Do you think you are open-minded, unbiased, and free of racism? Let me challenge you. It is human nature to categorize people.

This person is like me; that person is different from me. Committed to the job, not committed. High potential, less potential. Smart, not smart. Fit, not in shape. Beautiful, plain, ugly. Cultured, not cultured. Groomed well, not so well.

From a top school, from a lesser school. Rich, middle class, poor. Young, old. Childish, mature. Black, Hispanic, Native American, Asian, Caucasian, Pacific Islander, Middle Eastern, mixed, can’t tell. The list of distinctions is infinite.

How do our classifications play out in the workplace?

Here are a few examples:

  • She’s available for travel. Give the project to her.
  • We need a “J” for this role. I will never hire a “P” again.
  • He’s in accounting. I wouldn’t put anyone from that department in a trade show booth.
  • She’s too young for this opportunity. Give it to someone more seasoned.
  • He’s black. I think he’ll do better in the Southside sales territory than he will up here where the clients are mostly white.
  • She just had a baby. I don’t think she’s the right person for a big project like this.
  • This account needs to be handled by someone in the office, not a telecommuter.

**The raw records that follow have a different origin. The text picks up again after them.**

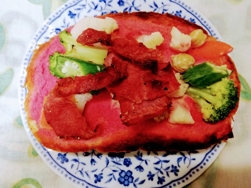 クミン香るビーツフムスとパストラミビーフ(オープンサンド)
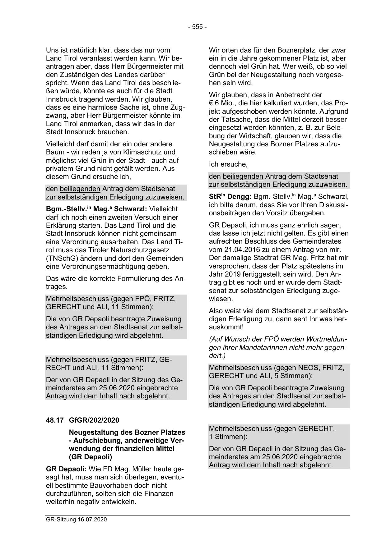 Der von GR Depaoli in der Sitzung des Gemeinderates am 25.06.2020 eingebrachte
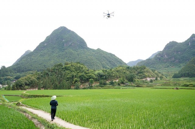 ↑6月15日,在贵州省黔东南苗族侗族自治州丹寨县龙泉镇交圭村,无人机操控员康龙用植保无人机为稻田进行病虫害防治作业。新华社发(黄晓海摄)
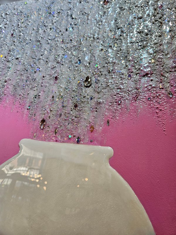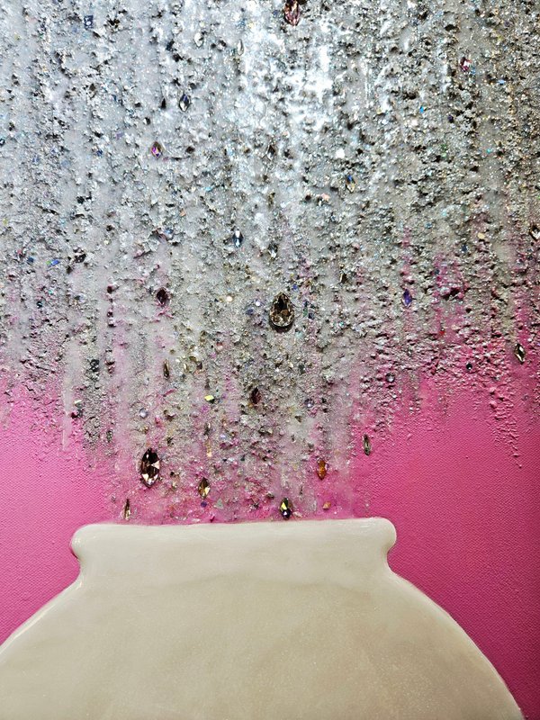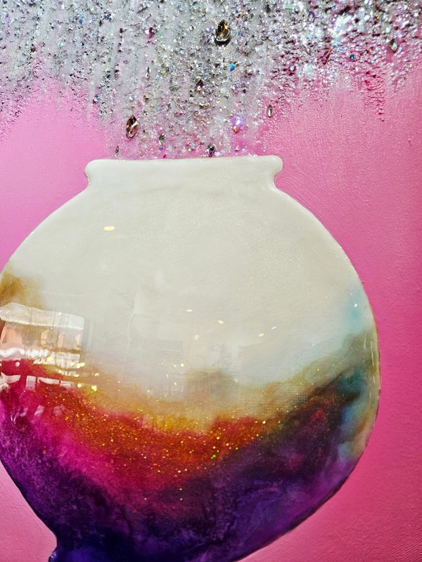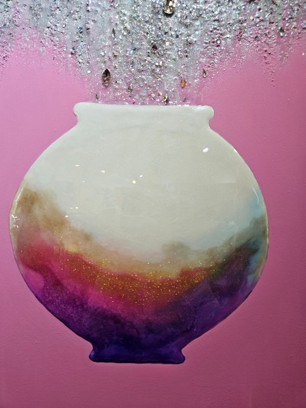 안현 작가는 레진과 다양한 혼합 재료들을 사용해 자연이 만들어내는 우연한 아름다움을 환상적인 빛깔로 표현한다. 작품을 구성하는 유동적인 안료의 흐름은 다른 소재와 닿아 바뀌고, 서로 뒤섞이며 더욱 다채로운 형태와 빛깔로 변화한다. 이러한 여러 요소는 우연히 얽히고 영향을 주고받으며 빛과 형태를 자연스럽고 유기적으로 그려나간다. 플루이드 아트가 가지는 이러한 우연성은 작가가 전하고자 하는 자연의 찬란한 순간을 더욱 극적으로 그려낸다. 그의 영감은 아름다운 풍광을 멀리서 관찰하거나 반대로 세부적으로 들여다보는 데에서 비롯된다. 찰나에 포착된 생명력과 역동성은 빛을 품을 수 있는 글리터, 자개, 천연석, 유리 등의 재료들을 통해 더욱 생동감 있게 구현된다. 안현 작가는 자연을 보며 느낀 심상을 작품으로 표현하면서 자신의 가장 어두운 시기를 구원받았다고 말한다. 작가는 인간의 재주로는 만들어낼 수 없는 자연만이 가진 치유의 힘에 다가가고자 노력하며, 자신이 받은 희망과 기쁨을 나누며 우리 또한 빛나는 존재임을 잊지 않기를 바라고 있다.

In the example above, the speaker assumes certain differences between in-office and remote workers—stereotypes. Then these perceived differences influence which employee is considered for the account.

An About.com article on social psychology says we have:

"A collection of beliefs and assumptions about how certain traits are linked to other characteristics and behaviors. For example, if you learn that a new co-worker is very happy, you might immediately assume that she is also friendly, kind, and generous. These assumptions help people make judgments quickly, but they can also contribute to stereotyping and errors."

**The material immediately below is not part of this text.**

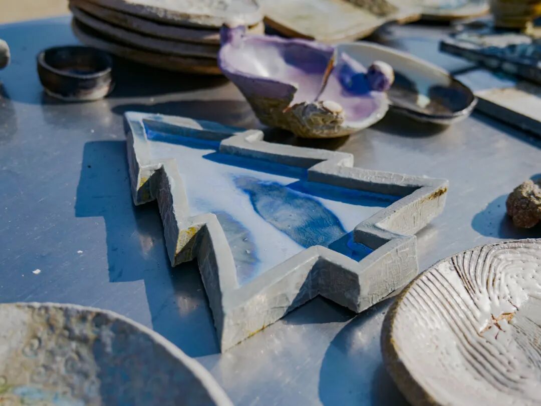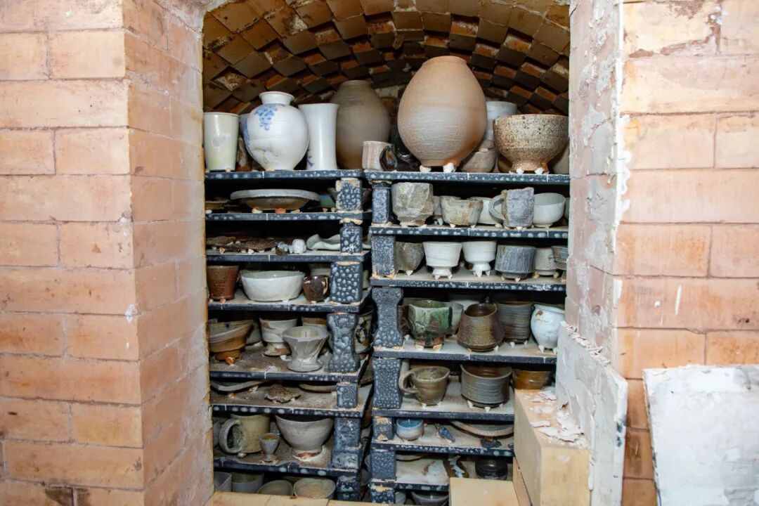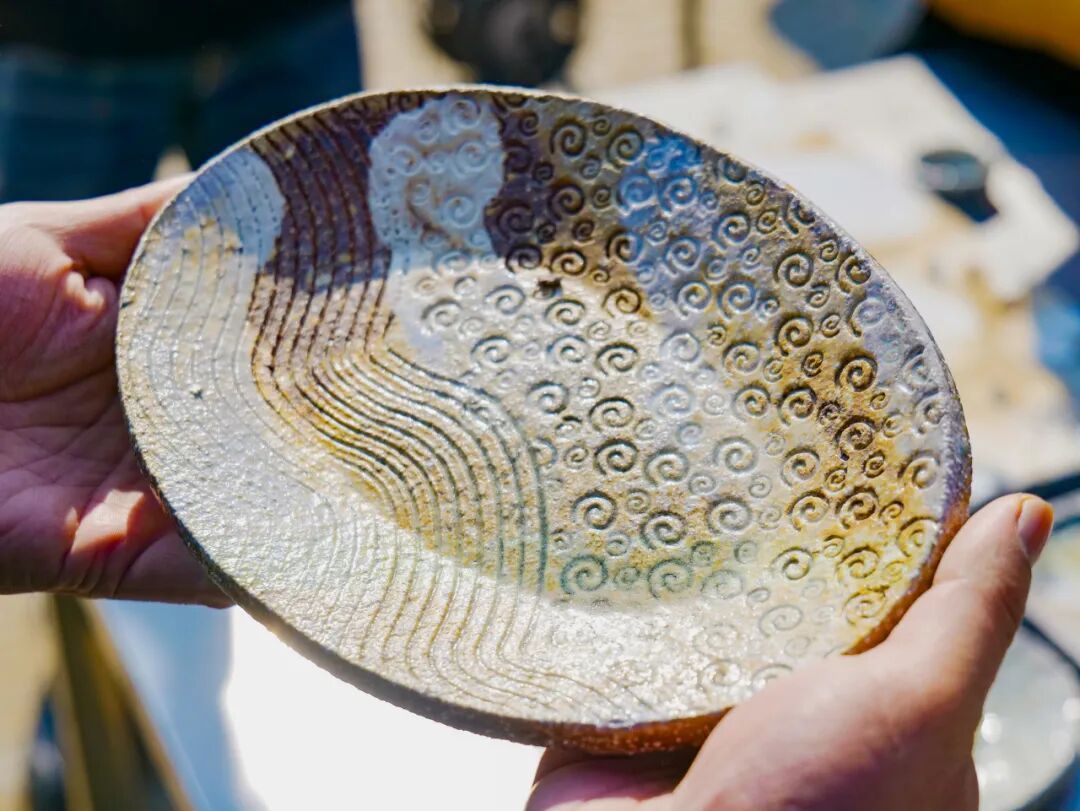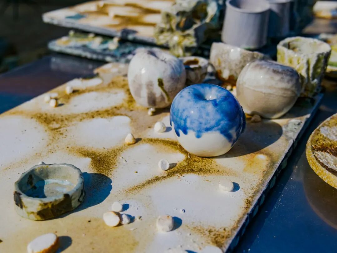 这些陶瓷作品由多位奉贤本土艺术家和陶艺爱好者制作。经过四天三夜的高温柴烧后,它们有的釉色温润如玉,带着火焰流淌的痕迹;有的布满自然落灰形成的独特肌理,仿佛藏着星空与晚霞。每一道纹路都独一无二,是火的笔触、土的肌理,更是时光的印记。

Next time you are making a people management decision, stop and take a critical look at how biases may be informing your choices.

What errors are you making? How are you limiting yourself, your company, and your employees with your categorizations? Have you denied an opportunity to a person because of color, parenting status, appearance, educational background or other factors, due to unconscious assumptions about capability, availability, or commitment?